> _SUPPLIED ENTRIES_:

------------------------------------------------------------

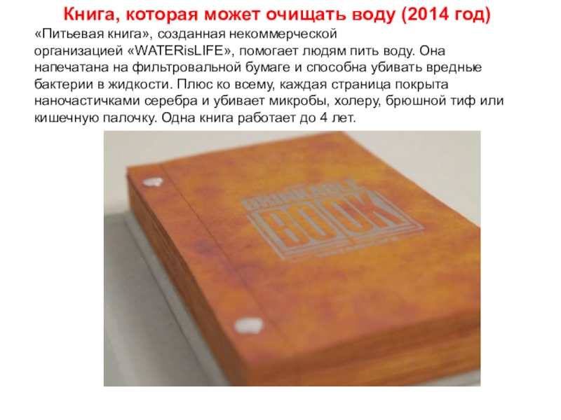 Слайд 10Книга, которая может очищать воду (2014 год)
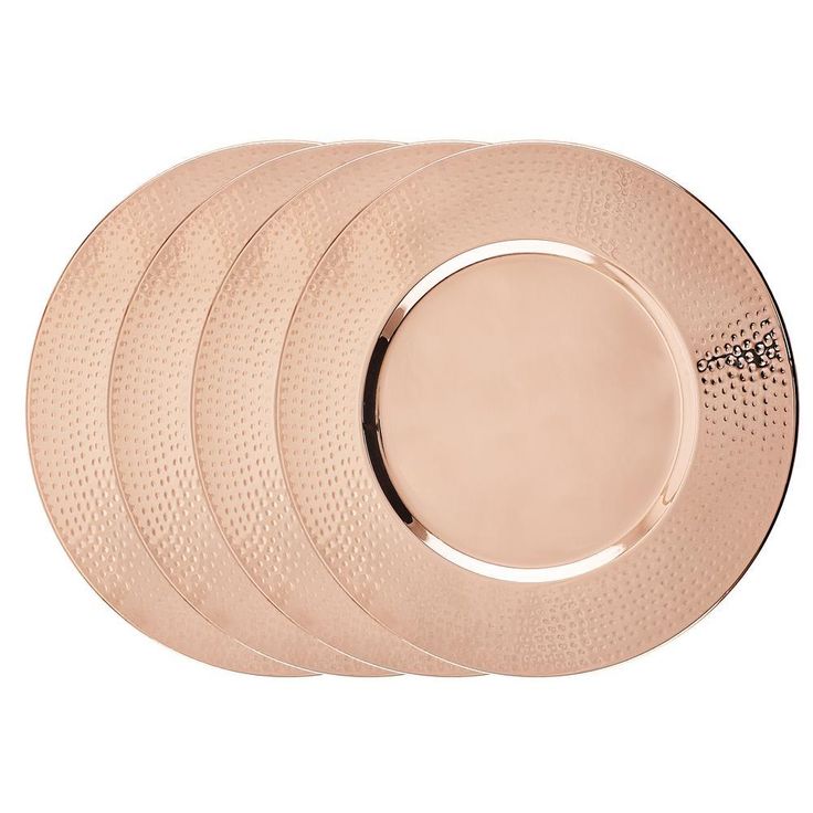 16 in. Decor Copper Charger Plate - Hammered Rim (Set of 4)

------------------------------------------------------------

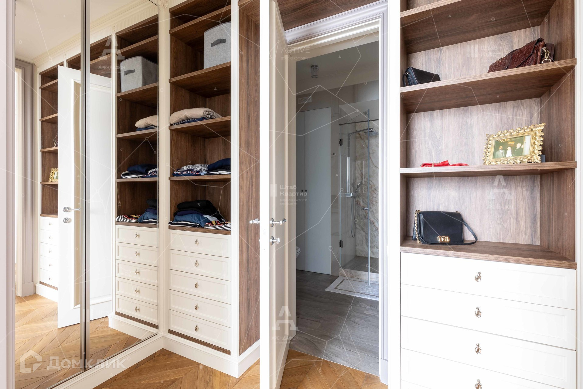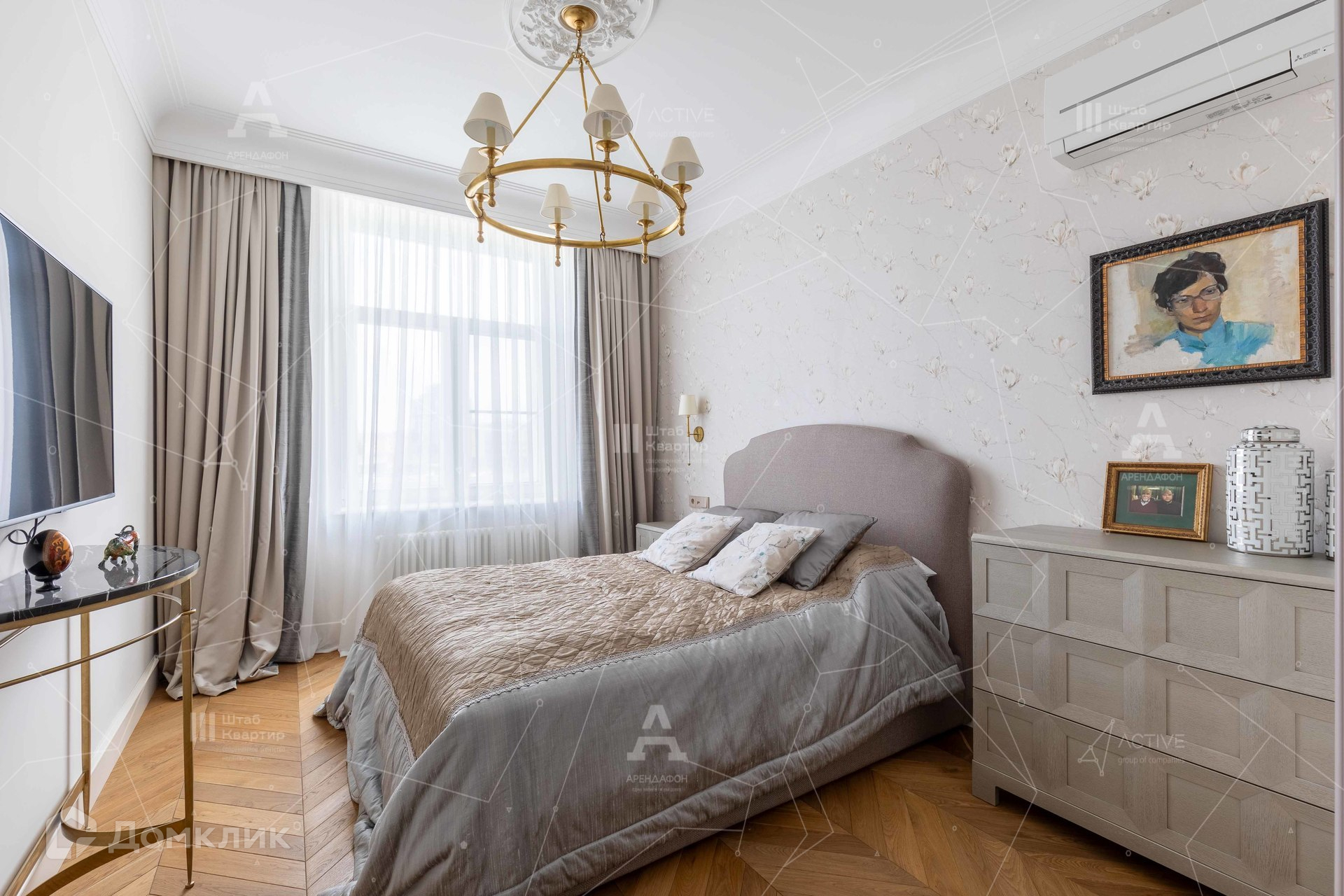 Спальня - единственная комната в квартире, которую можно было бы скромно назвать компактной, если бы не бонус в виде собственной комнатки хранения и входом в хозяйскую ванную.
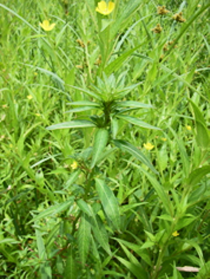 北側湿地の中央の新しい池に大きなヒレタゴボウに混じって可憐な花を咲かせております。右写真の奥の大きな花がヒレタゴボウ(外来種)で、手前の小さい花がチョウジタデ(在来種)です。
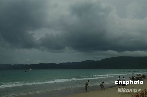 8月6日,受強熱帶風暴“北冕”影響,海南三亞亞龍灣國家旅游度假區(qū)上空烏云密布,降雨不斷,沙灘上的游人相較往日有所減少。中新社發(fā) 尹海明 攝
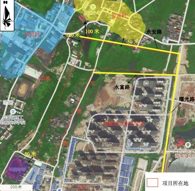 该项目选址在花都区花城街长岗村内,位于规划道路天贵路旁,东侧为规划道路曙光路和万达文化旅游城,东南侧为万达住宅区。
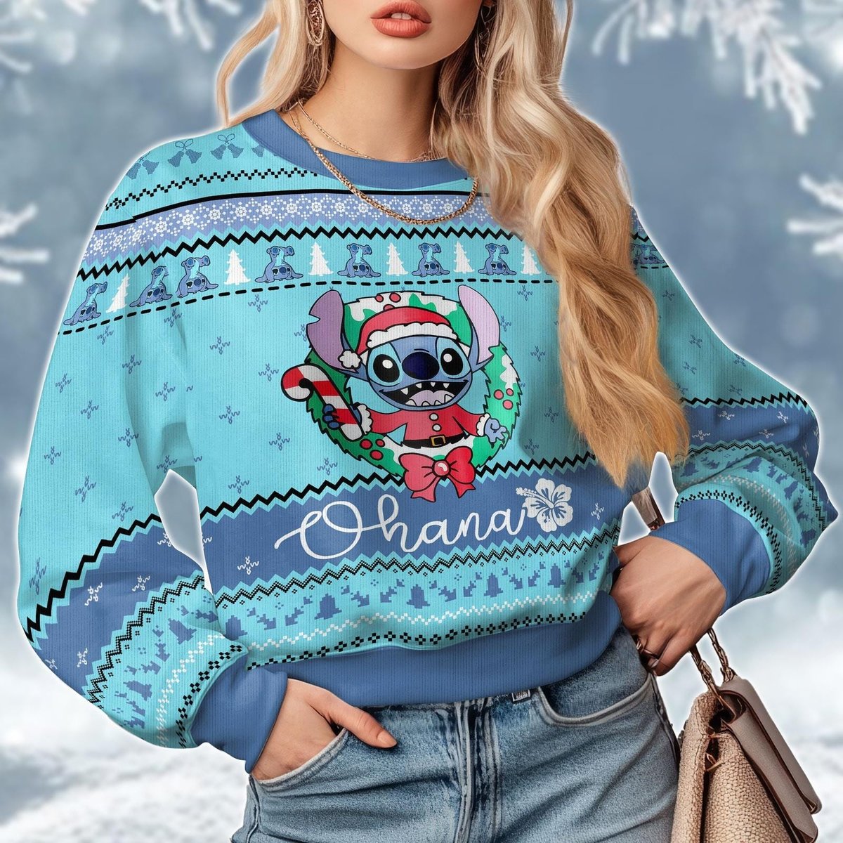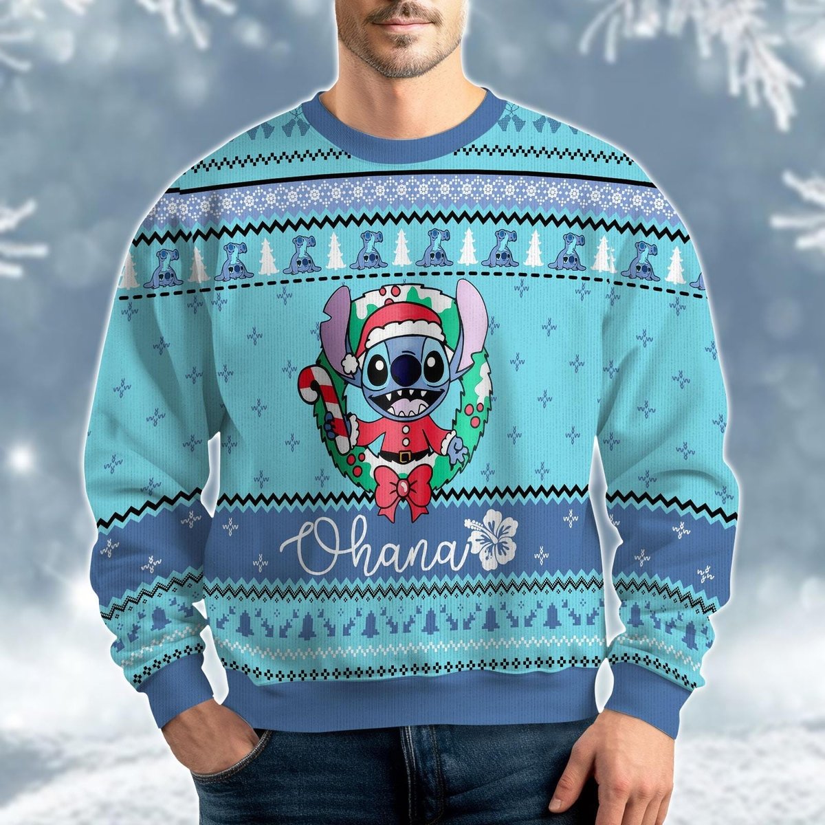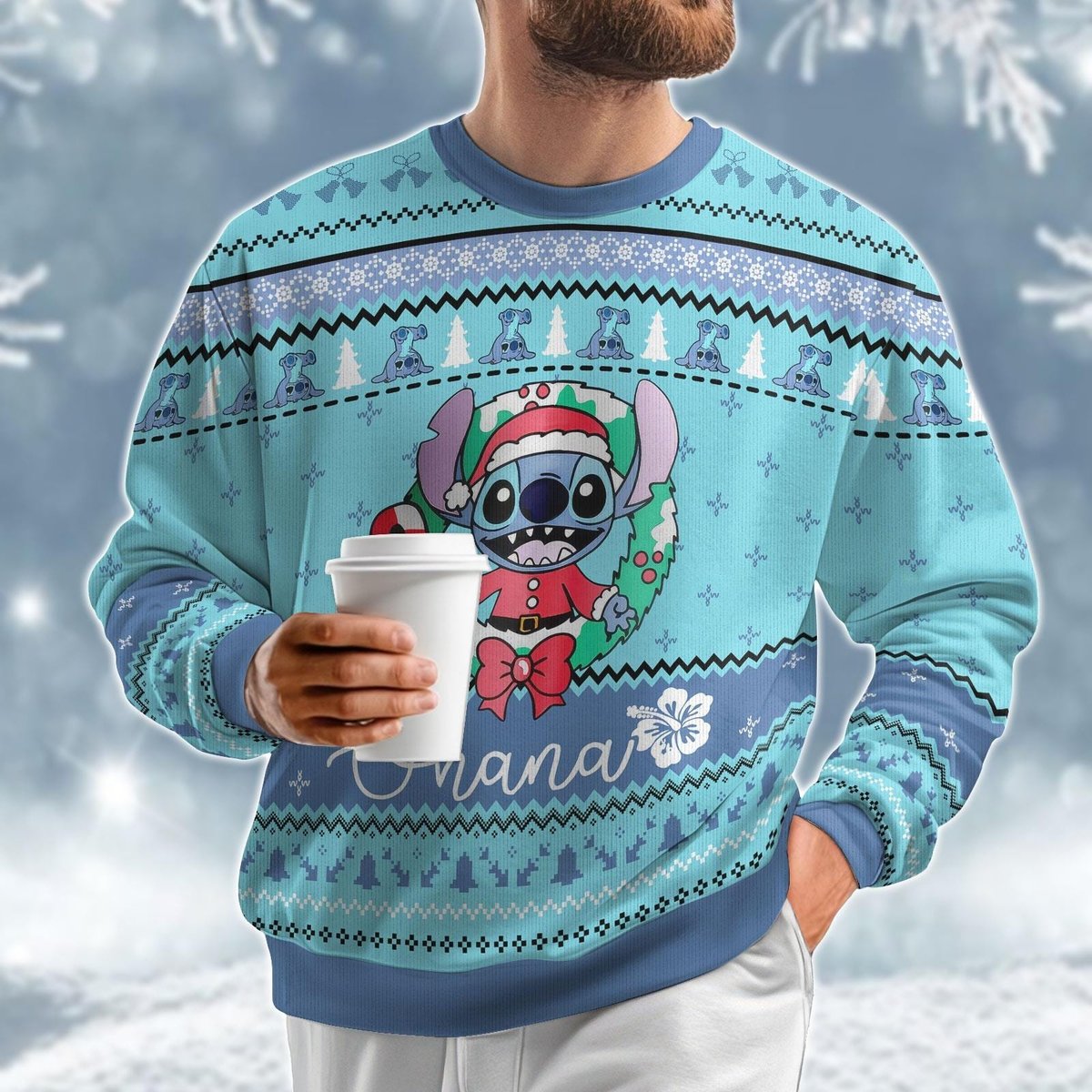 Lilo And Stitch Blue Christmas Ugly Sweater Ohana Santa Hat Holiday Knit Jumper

------------------------------------------------------------

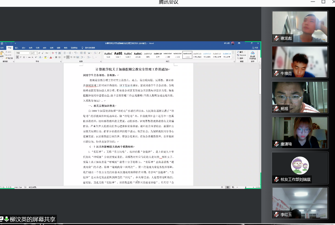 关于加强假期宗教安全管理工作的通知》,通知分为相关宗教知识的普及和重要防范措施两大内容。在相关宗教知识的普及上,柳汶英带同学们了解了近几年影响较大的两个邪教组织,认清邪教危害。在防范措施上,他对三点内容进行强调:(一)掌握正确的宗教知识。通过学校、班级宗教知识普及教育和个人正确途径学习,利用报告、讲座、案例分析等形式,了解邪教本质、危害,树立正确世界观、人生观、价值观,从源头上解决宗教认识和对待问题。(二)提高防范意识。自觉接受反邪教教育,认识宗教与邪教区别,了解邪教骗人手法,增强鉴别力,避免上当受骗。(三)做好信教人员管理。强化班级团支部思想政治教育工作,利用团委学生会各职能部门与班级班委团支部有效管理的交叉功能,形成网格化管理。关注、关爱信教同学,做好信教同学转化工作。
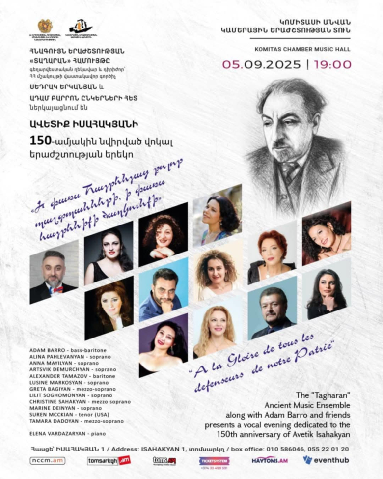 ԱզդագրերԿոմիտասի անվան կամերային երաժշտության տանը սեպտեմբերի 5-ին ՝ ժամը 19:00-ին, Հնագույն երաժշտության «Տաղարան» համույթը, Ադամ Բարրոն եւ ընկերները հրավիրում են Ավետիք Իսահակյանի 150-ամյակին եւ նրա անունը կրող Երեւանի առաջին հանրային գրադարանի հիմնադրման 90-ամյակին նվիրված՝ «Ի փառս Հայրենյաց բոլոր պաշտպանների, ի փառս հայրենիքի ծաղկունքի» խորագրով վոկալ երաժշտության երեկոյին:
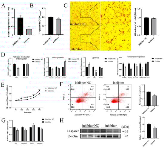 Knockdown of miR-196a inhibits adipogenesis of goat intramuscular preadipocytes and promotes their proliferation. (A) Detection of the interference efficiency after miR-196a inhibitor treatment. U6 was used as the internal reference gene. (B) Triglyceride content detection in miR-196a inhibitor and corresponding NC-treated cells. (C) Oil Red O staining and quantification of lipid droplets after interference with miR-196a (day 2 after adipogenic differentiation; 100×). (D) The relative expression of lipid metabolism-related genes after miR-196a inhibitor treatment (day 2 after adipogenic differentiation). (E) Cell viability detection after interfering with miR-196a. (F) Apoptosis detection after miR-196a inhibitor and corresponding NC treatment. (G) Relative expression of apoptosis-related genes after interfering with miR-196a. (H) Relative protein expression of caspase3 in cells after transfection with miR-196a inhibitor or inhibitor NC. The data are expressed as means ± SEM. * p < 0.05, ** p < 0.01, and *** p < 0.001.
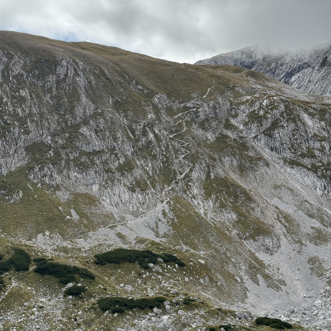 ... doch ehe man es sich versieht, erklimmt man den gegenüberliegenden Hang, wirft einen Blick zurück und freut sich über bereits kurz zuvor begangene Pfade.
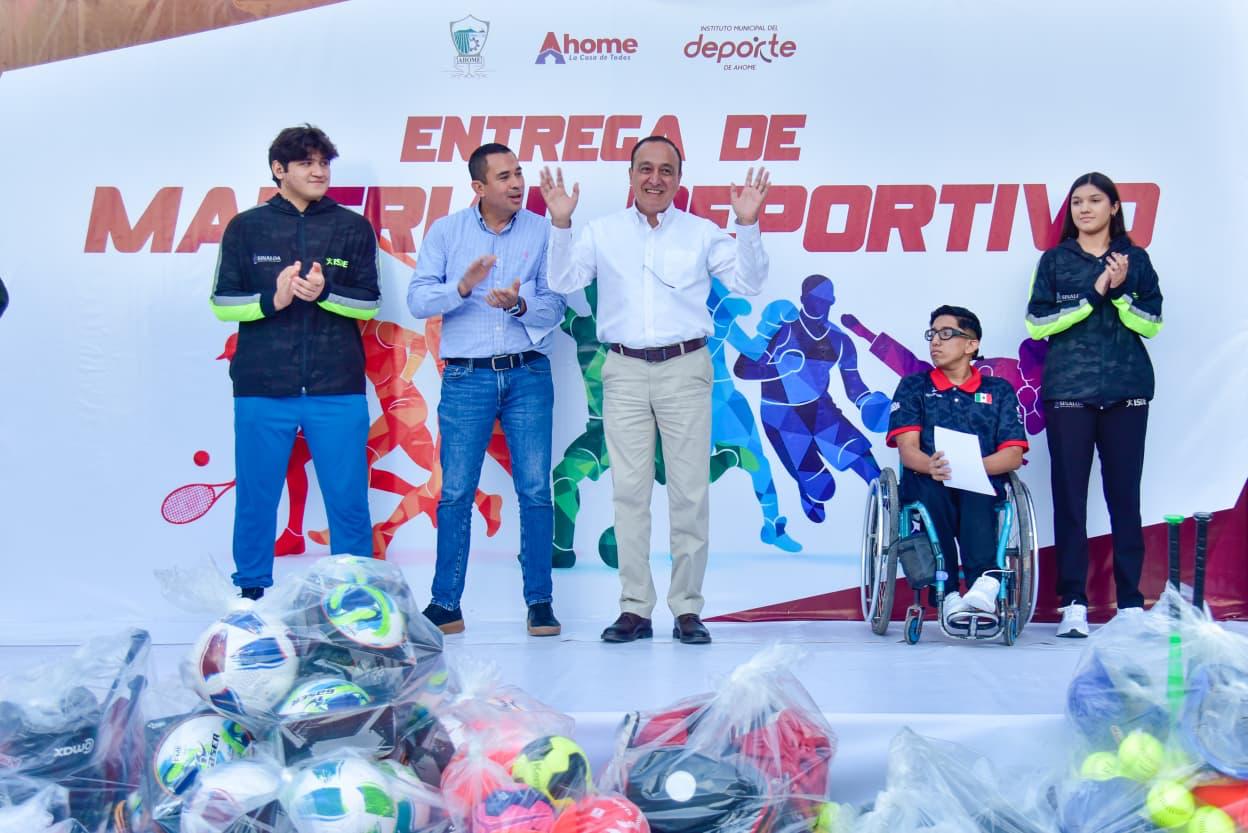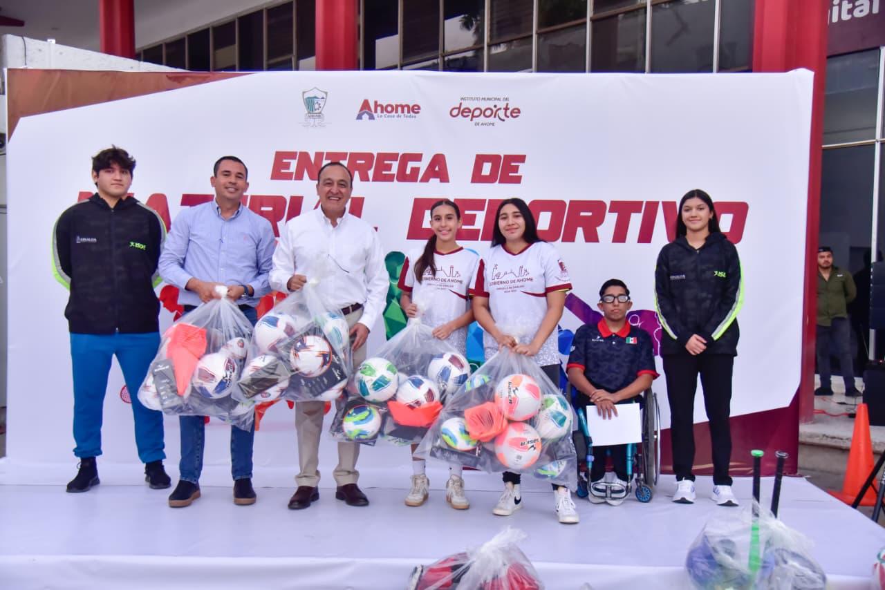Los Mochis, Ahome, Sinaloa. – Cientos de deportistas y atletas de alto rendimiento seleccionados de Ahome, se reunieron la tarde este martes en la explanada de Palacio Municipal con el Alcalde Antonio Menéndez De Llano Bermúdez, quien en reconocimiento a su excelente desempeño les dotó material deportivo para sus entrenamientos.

------------------------------------------------------------

> _PROBLEM TO WORK ON_: Print the line above containing "Слайд 10Книга, которая", the line containing "16 in. Decor", and everything between them, exactly as written. Pictures stay out.

> _TASK RESPONSE_:
 Слайд 10Книга, которая может очищать воду (2014 год)
 16 in. Decor Copper Charger Plate - Hammered Rim (Set of 4)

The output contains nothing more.